Pero si esa polémica pareció unir al país contra su enemigo preferido, la FIFA, otras varias presionaban en sentido más bien centrífugo, con Capello siempre en medio. Muchos le han recriminado estos días que seleccionara a John Terry a pesar de que está siendo investigado por unos comentarios potencialmente racistas a Anton Ferdinand, hermano de Rio. Otros le han discutido con vehemencia su decisión de alinear ayer al joven defensa Phil Jones en el centro del campo y colocar en el eje de la zaga a Phil Jagielka, que está medio lesionado. Y hasta le han reprochado que no asistiera anoche en Milán a la boda de su hijo Pierfillipo con su compañera Tiziana. ¿Cómo es posible que no supiera de antemano que coincidía con el partido de España?, se preguntan, como si fuera él el que se casaba.

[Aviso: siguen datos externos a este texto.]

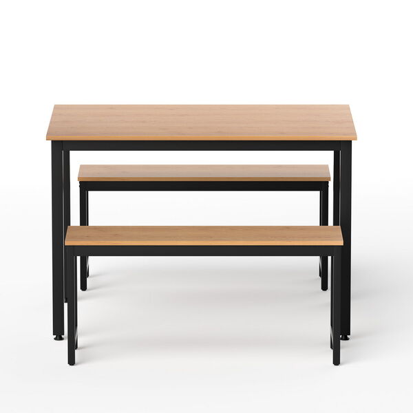 Transform your dining area with the 3-Piece Dining Set, where modern industrial design meets the warmth of nature. Featuring a bright natural oak finish and a robust black metal frame, this set creates a welcoming and airy atmosphere, blending perfectly with Scandinavian, modern, or coastal interior styles.

Todas estas cosas pasaron a segundo plano cuando empezó a rodar el balón, lo que pasó entonces a primer plano fue el silencio de Wembley. España durmió a la pelota y con ella a las dos aficiones. Hasta que al filo de la media hora, el nutrido grupo de seguidores españoles tuvo la ocurrencia de cantar esa tonadilla tan hermosa que tiene por letra una sola palabra, "campeones, campeones, campeones". Campeones del mundo, se entiende. ¡Y de Europa!

Eso fue como una afrenta para Wembley, que reaccionó primero con estupor y luego, herida quizás la hinchada local por la evidencia de que Inglaterra se ha quedado sola en ese binomio de grandes potencias fracasadas que hasta hace poco formaba con España, salió por primera vez de su letargo para arropar a los leones con unos pocos cánticos. Pero el silencio se impuso enseguida otra vez en las gradas, hechizadas quizás por la abrumadora posesión española. Luego llegó el gol de Lampard. Y, con él, la euforia inglesa.